Yemeni American analyst

Mohammed al-Basha (Note: محمد الباشا) is a Yemeni American analyst. He served as the spokesperson for the embassy of Yemen in Washington, D.C., from at least 2005 until 2015, whereupon he joined the Navanti Group as a researcher. He later left the group in 2024 and founded Basha Report, a risk advisory firm. He is considered a prominent analyst on matters concerning Yemen, being featured by many prominent news organizations and institutions.

== Career ==
A Yemeni American fluent in English and Arabic, Albasha is an alumnus of the Near East South Asia Center for Strategic Studies at the National Defense University, the Schar School of Policy and Government at George Mason University, where he received a master's degree, and Johns Hopkins University, where he received a graduate certificate in international relations. He has also attended seminars in peacebuilding and conflict resolution at the School for Conflict Analysis and Resolution at George Mason University and the Center for International Development and Conflict Management at the University of Maryland, College Park.

Prior to his work as an analyst, Basha served as a spokesperson for the Yemeni embassy in Washington, D.C., from at least 2005 until 2015. He was also a former journalist, serving as a correspondent for Saba News Agency and the director of the Washington, D.C.-based Yemen Press Center.

By 2016 he had joined the Navanti Group, a research group based in Virginia.

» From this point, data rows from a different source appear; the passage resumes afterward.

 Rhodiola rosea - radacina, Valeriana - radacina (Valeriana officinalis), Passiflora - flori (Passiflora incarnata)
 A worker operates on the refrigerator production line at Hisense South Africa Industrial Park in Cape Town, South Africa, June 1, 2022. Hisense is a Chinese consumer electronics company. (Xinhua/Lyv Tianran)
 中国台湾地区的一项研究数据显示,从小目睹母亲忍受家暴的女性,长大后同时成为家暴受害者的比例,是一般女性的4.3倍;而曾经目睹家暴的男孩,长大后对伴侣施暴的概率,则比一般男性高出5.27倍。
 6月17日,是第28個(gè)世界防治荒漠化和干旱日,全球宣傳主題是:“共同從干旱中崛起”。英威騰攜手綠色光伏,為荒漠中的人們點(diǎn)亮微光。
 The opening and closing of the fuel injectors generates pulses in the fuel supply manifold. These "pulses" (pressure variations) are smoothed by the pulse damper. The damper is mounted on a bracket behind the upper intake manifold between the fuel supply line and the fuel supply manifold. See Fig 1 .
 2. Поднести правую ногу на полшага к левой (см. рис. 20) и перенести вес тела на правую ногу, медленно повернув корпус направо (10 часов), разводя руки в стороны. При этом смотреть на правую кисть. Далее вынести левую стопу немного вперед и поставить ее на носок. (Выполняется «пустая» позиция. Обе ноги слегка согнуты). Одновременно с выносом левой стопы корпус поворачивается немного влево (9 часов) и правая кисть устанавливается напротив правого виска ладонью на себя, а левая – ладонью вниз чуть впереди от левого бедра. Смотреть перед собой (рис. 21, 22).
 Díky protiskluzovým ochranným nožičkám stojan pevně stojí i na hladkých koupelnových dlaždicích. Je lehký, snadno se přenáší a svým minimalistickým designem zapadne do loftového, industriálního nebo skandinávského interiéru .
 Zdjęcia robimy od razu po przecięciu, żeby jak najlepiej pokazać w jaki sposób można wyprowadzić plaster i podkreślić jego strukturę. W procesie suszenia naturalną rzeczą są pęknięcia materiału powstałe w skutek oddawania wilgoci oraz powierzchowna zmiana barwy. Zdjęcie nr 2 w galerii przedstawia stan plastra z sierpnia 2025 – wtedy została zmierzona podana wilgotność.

He served as Communications and Client Engagement Manager and the Yemen subject-matter expert for the organization, managing research on "food security, risk analysis, media monitoring, and emerging threats in the Arabian Peninsula." He remained a part of the organization until 2024, when he founded Basha Report, an independent, Washington-based risk consultancy firm. The group focuses on policy regarding the Middle East and North Africa, particularly Yemen.

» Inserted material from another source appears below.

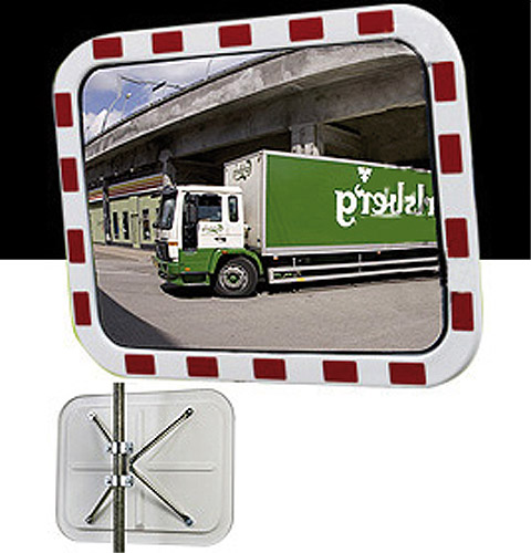 Dieser Spiegel ist sehr gut geeignet, um die Sicherheit im Straßenverkehr, in Hoch- und Tiefgaragen, auf privaten Fahrwegen, in Einkaufszentren, Produktionsstätten, auf Freiflächen usw. zu erhöhen. Das Besondere sind die Reflektoren, die sich auf dem Rahmen befinden und den Bestimmungen der Verkehrsbehörden entsprechen, besonders bei schlechter Witterung und Dunkelheit. Der Spiegel wird mit Silikon in einem stabilen Rahmen befestigt, dieser verfügt über Verstärkungen auf der Rückseite. Die mitgelieferte Vierpunkt-Kugelgelenk-Halterung ermöglicht eine optimale und ganz exakte Positionierung. Befestigung sowohl an Wänden, als auch an Pfosten (Durchmesser 50 - 80mm) möglich. Der montierte Spiegel ist auf eine Windbelastung von 24 KN getestet. Er ist TÜV-geprüft.
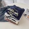 Moletom Feminino Estampado com Letras Gola Redonda Outono 2023 Novo Estilo Preguiçoso Oversize Solto Jaqueta Top Estudante

The Sana’a Center for Strategic Studies regarded Basha as a prominent analyst focusing on Yemen. According to The Century Foundation, Basha "specializes in the analysis and visualization of complex security, military, and geopolitical environments." He has been sought for comments and interviews by major news outlets including the Associated Press, Agence France-Presse, Reuters, CNN, BBC News, Fox News, CBS News, NBC News, and ABC News, and newspapers such as Newsweek, the Los Angeles Times, The New York Times, the Chicago Tribune, Foreign Policy, The Washington Times, The Washington Post, The Guardian, The Daily Telegraph, and The Wall Street Journal. He has also given presentations at institutes such as Chatham House, the Marine Corps University, the Wilson Center, the Carnegie Endowment for International Peace, the International Institute for Strategic Studies, New America, and the National Defense University, among others.